Chimes were playing in the church where I was being buried.

Six people had shown up at my funeral. In my whole twenty years of life, six people had decided to pay respect to it. The gang was there: Roger, Mark, Maureen, Benny, and Collins.

"April was an amazing person," said Mark as he stood in front of our friends. "I remember this one time, when I was walking down the street with her after picking her up from her work, and she saw an abandoned dog curled up on the sidewalk. I just wanted to drop it off at a pound anywhere, but April wouldn't have that." He laughed quietly to himself. "She took it home, named it Vera for some strange reason, and fed it and everything.

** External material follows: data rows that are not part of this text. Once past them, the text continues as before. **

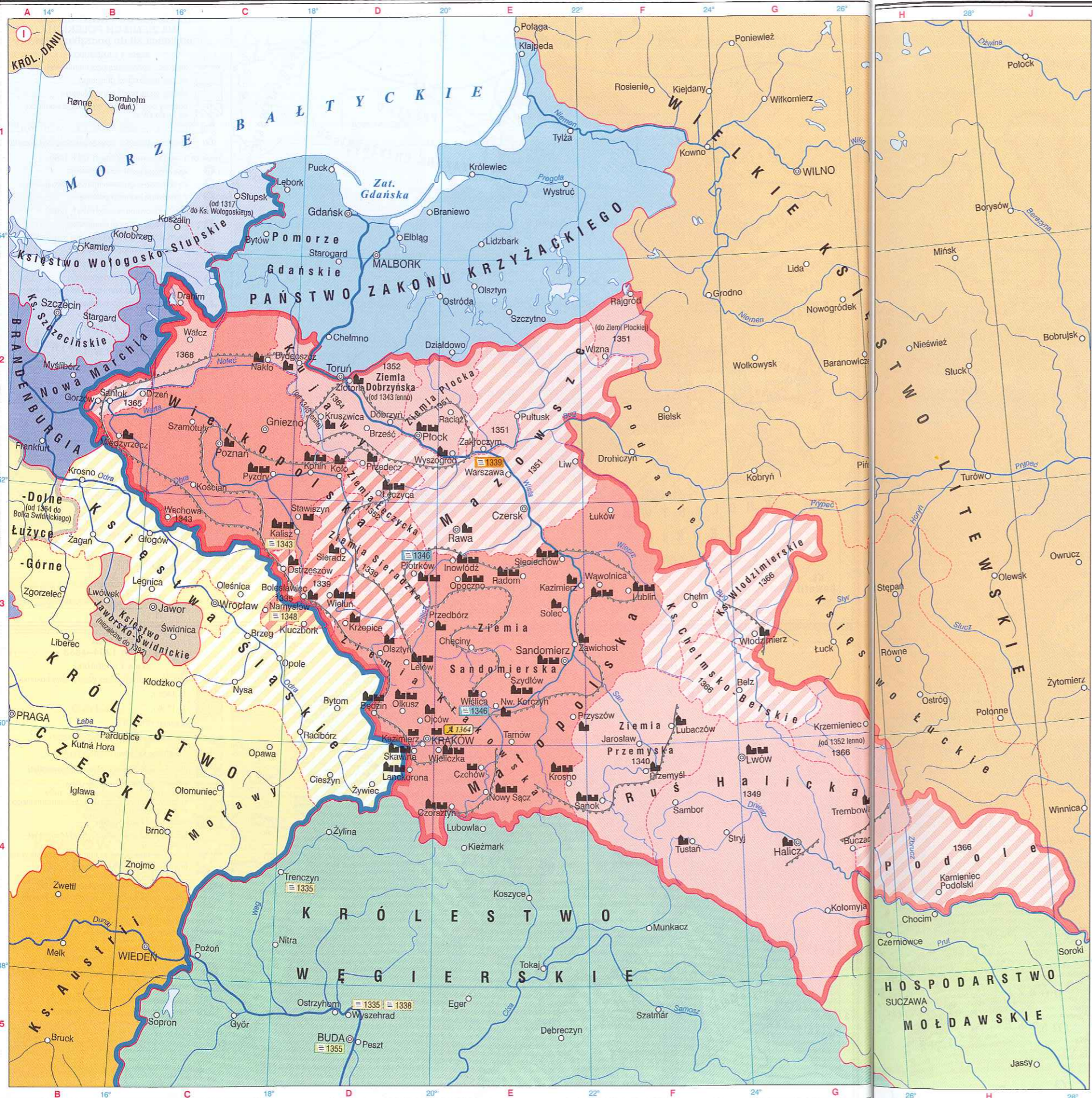
KRÓLESTWO POLSKIE ZA PANOWANIA KAZIMIERZA WIELKIEGO W LATACH 1333-1370 skala 1 : 4000000
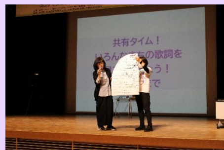
▲第1分科会でのようす 帯広市が代表して発表しました。帯広の自慢できるスポットを盛り込んだ歌詞をお披露目しました。
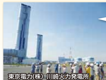
東京電力(株) 川崎火力発電所

浮島太陽光発電所は出力7,000kW、年間発電量は一般家庭約2100軒分の年間使用電力量に相当します。かわさきエコ暮らし未来館の屋上から一望できます。
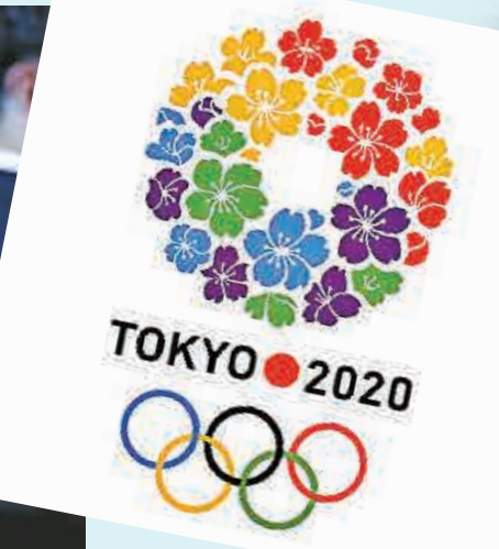
▲東京申辦2020年奧運會標誌 資料圖片
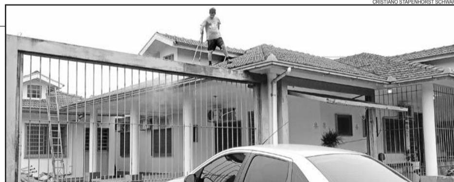
Lavagem do telhado é a primeira etapa

infraestrutura necessária são fundamentais. Outra atenção é com os veículos. Contamos aqui em Westfália com a van mais moderna da Região para remoção de pacientes, adaptada para cadeirantes. Investir em Saúde é atenção para a comunidade", finalizou o Prefeito Sérgio Marasca.

She cried when we finally returned her." He walked down the steps and sat down.

Collins and Benny each said something sweet about me. I honestly didn't know Benny had it in him to be nice, but even he had tears in his eyes.

Roger was up to say something. He slowly walked up to my coffin, and opened his mouth to say something. His voice stuck in his throat. He was up there for almost ten minutes before he let out a sob and started running away from everyone.

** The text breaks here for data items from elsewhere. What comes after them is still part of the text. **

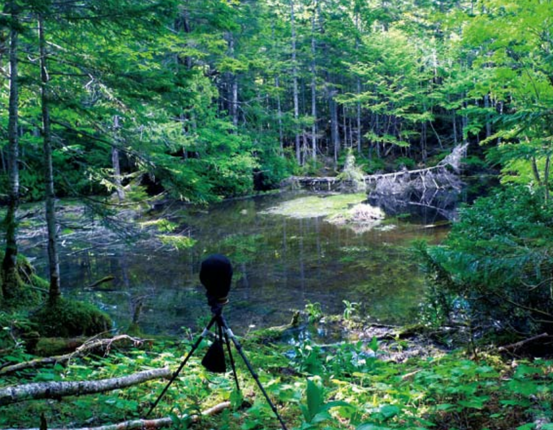
クイズ No2 の録音風景
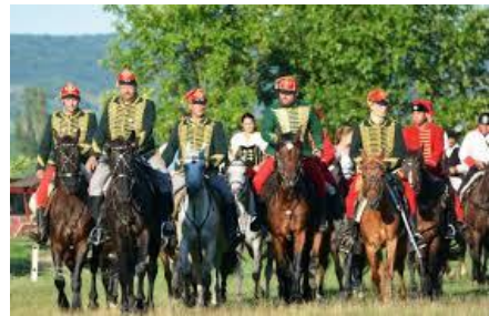
Gömöri Lovas és Népi H.Ő. Egy
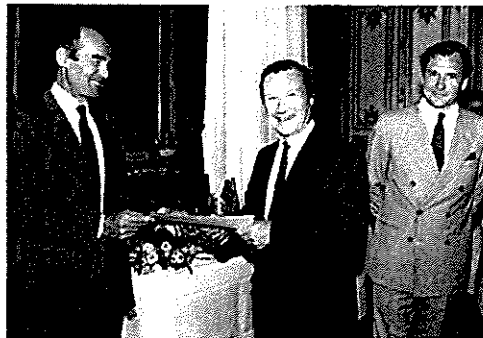
Les accords du 27 septembre 1985 qui ont abouti sur le « Statut des Carpa » puis au décret du 13 mars 1986 rendant la Carpa obligatoire.

2 - une lettre qui a scellé ces accords fut établie sous la signature du Garde des Sceaux, Robert Badinter, le 27 septembre 1985.
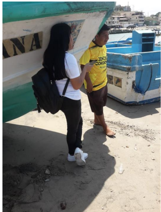
Ilustración 1 Encuesta a pescadores de la actividad pesquera.

"Roger!" Mark yelled, to no avail. He followed Roger out of the cemetery.

**A/N: Yes, I know that this is short. But it's two in one day! Don't I get points for that? Well, I hope you like it! Please review. If you give me any ideas, I'll promise to take it into consideration. Have a nice weekend!**


	4. Half a Year of Withdrawal

**Disclaimer – I still don't own it. Never will.**

Chapter 4 – Half a Year of Withdrawal

I didn't have a funeral reception. After all, why would my friends gather to celebrate my life that I didn't want? Anyway, Roger was nowhere to be found. Everyone was really worried when he didn't show up all night. They thought that he had gone to get drugs, go on a drinking binge, or worse.

But I knew better.

The day he found my body, Roger had quit drugs – cold turkey. At least one good thing had happened because of my death. Roger didn't want to go to the doctor to confirm what my note had told him – that he had AIDS – but sweet, reliable Mark had almost forced him too. Sure enough, he found out a week later that he indeed have AIDS. The fact that Roger didn't show any emotion to this at all scared Mark more than anything else.

No, Roger wasn't out drinking, or doing drugs. He was in a dark alley, rain pouring, soaking his clothes. He couldn't stop shaking, and shivering. This was his third week without having any drugs. Roger was in withdrawal, and his body wasn't taking it well at all. His face had become gaunt; he had lost an unnatural amount of weight; and he still had eaten only what Mark forced him too. He hadn't gone to another doctor after Mark took him almost three weeks ago, because he didn't think he would get any real help there. Any rehab clinics were too expensive for him to go to as well.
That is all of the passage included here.